In an interview, Demapan-Castro said Public Law 14-29, which amends three main provisions of the Land Compensation Act of 2002, is “a good law” because it provides for a fair treatment of all land compensation claimants.

However, she expressed concern over one amendment establishing a specific date that MPLA must use as a basis for land appraisal.

Currently, individuals with land compensation claims receive the actual value of the land at the time when the government took their property. With P.L.14-29, the amount of compensation due the former landowner will be based on the market value of the land at the time the governor or other authorized government official certifies in writing the need for the acquisition of the private land.

Demapan-Castro said this might cause a problem, for instance, for some claimants whose properties are located adjacent to each other, but who do not get a government certification at the same time.

“Say you and your sibling have properties located right next to each other. The government took them expand a road in the 1990s, when the value of real estate in the CNMI was high. Your sibling got his certification right at the time of the taking; but due to bureaucracy or whatever reason, you get your certification only now. There will definitely be a huge difference in the amount of compensation you will get, as compared with his,” she noted.

Demapan-Castro also noted that the law was unclear on which government officials were authorized to make certifications.
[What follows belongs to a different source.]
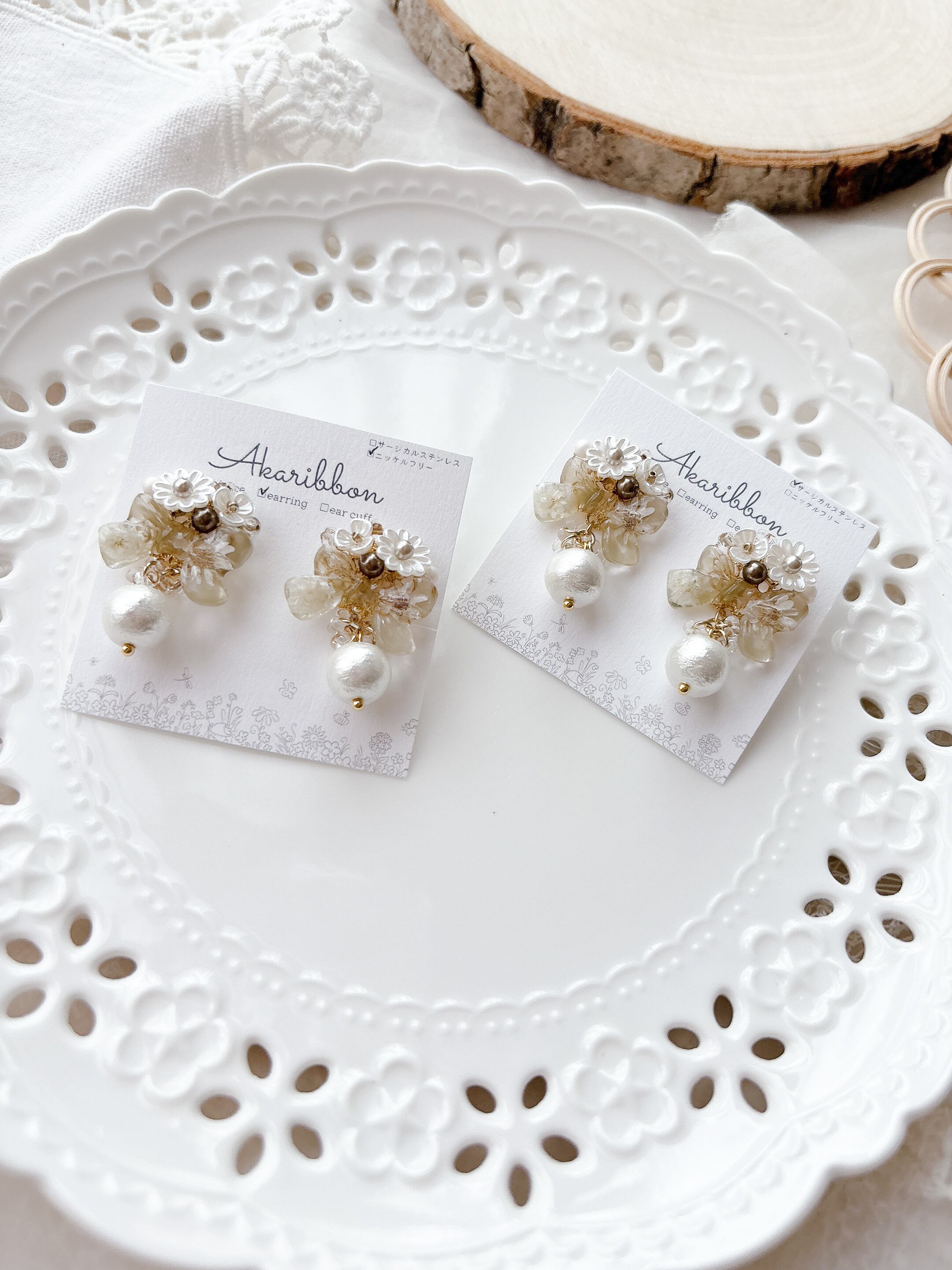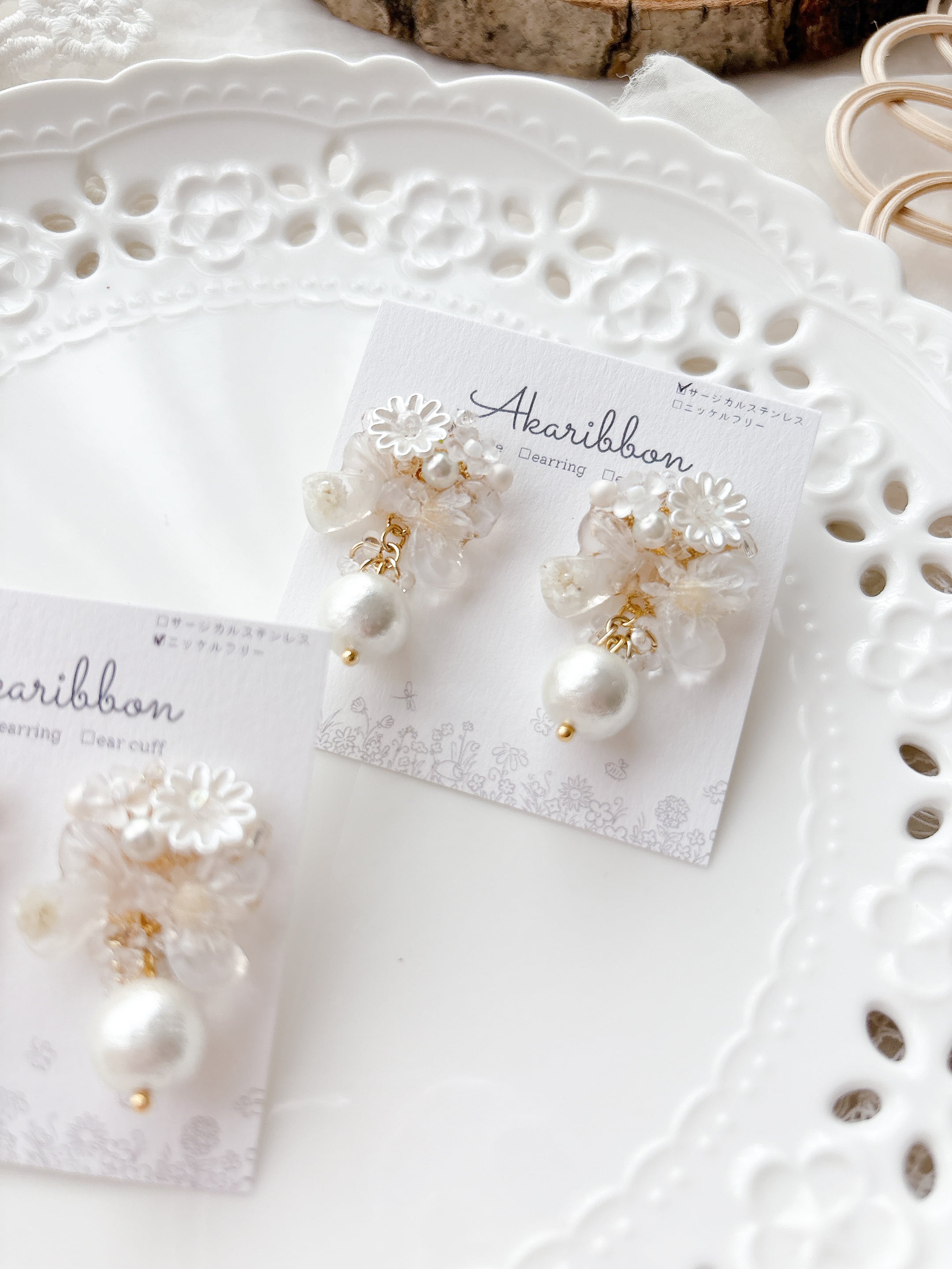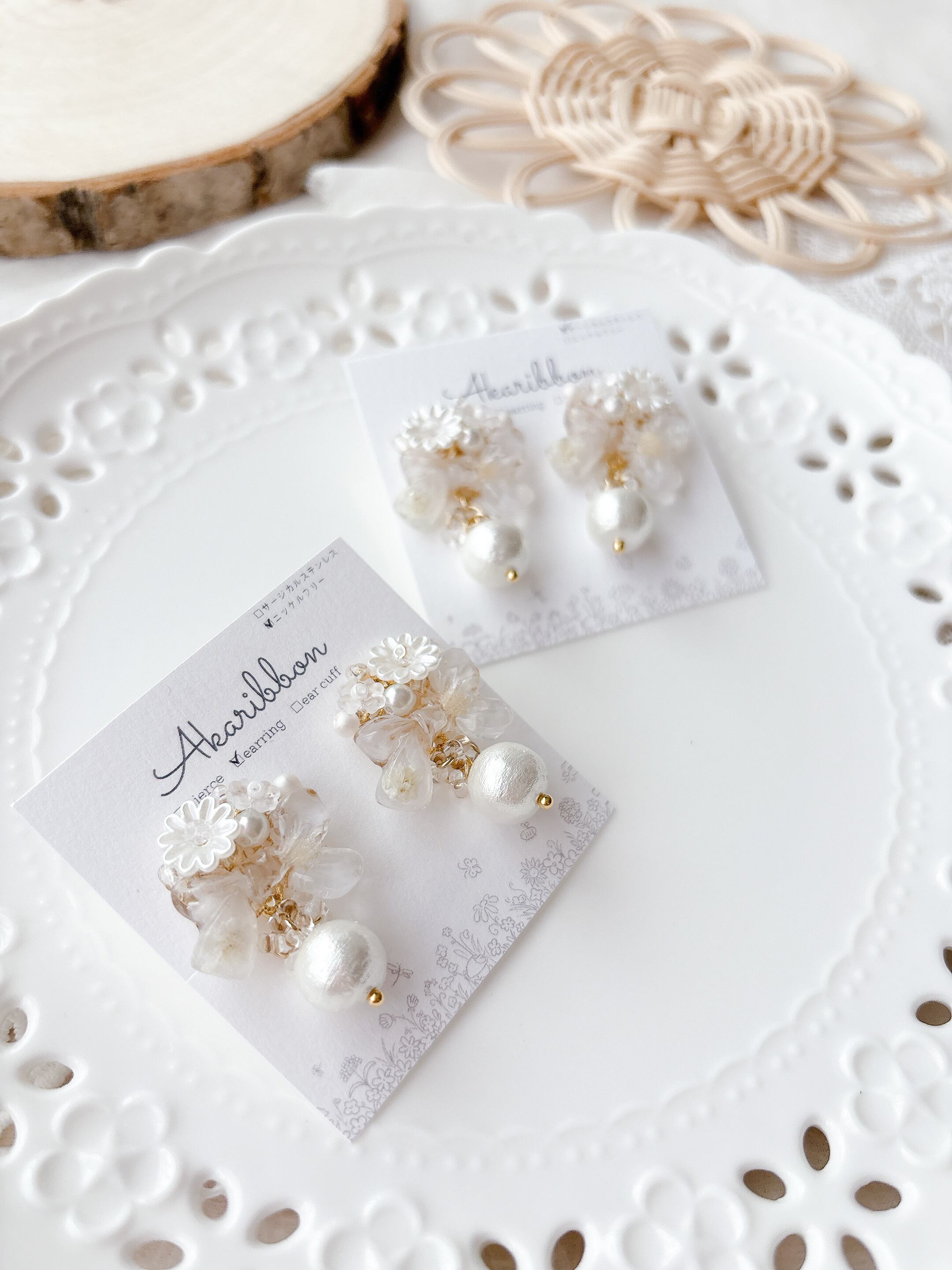 コットンパールが揺れる花束ピアス/イヤリングです。

Earlier, Gov. Juan N. Babauta himself had raised concern about this provision, though he took a point of view different from that of MPLA chair.

In a letter to the Legislature, Babauta had noted to the Legislature that many such certifications were made at a time when high market values were prevailing.

“[As such, land compensation] claims…will deplete the $40-million bond issue authorized by [the original Land Compensation Act] and may require authorization of additional bond measures or appropriations by the Legislature to ensure that all persons with land compensation claims are paid in an expeditious manner,” the governor had said.

P.L 14-29 removes the prioritization previously mandated for land compensation claims made by private landowners whose land was taken for public road construction.

Rather, it states that all land compensation claims for public road construction, construction of ponding basins, wetland, and other claims involving private land acquisition should be treated equally.

Further, the new law amends the provisions of the Land Compensation Act related to the transfer of bond proceeds to MPLA and funding of administrative costs of implementing the provisions of the 2002 law.

Under P.L. 14-29, the Commonwealth Development Authority is no longer required to transfer all the proceeds of the $40 million bond issue to MPLA for payment of land compensation claims.

This means that all of the proceeds of the $40 million bond issues should not be held in a separate account by MPLA anymore.

Instead, the bonds’ proceeds should be held in trust by a CDA-appointed trustee that will secure the bond issue funds. The trustee will only release the funds for the purpose of land compensation claims and reasonable administrative costs made at the request of the MPLA commissioner, with the concurrence of the MPLA board.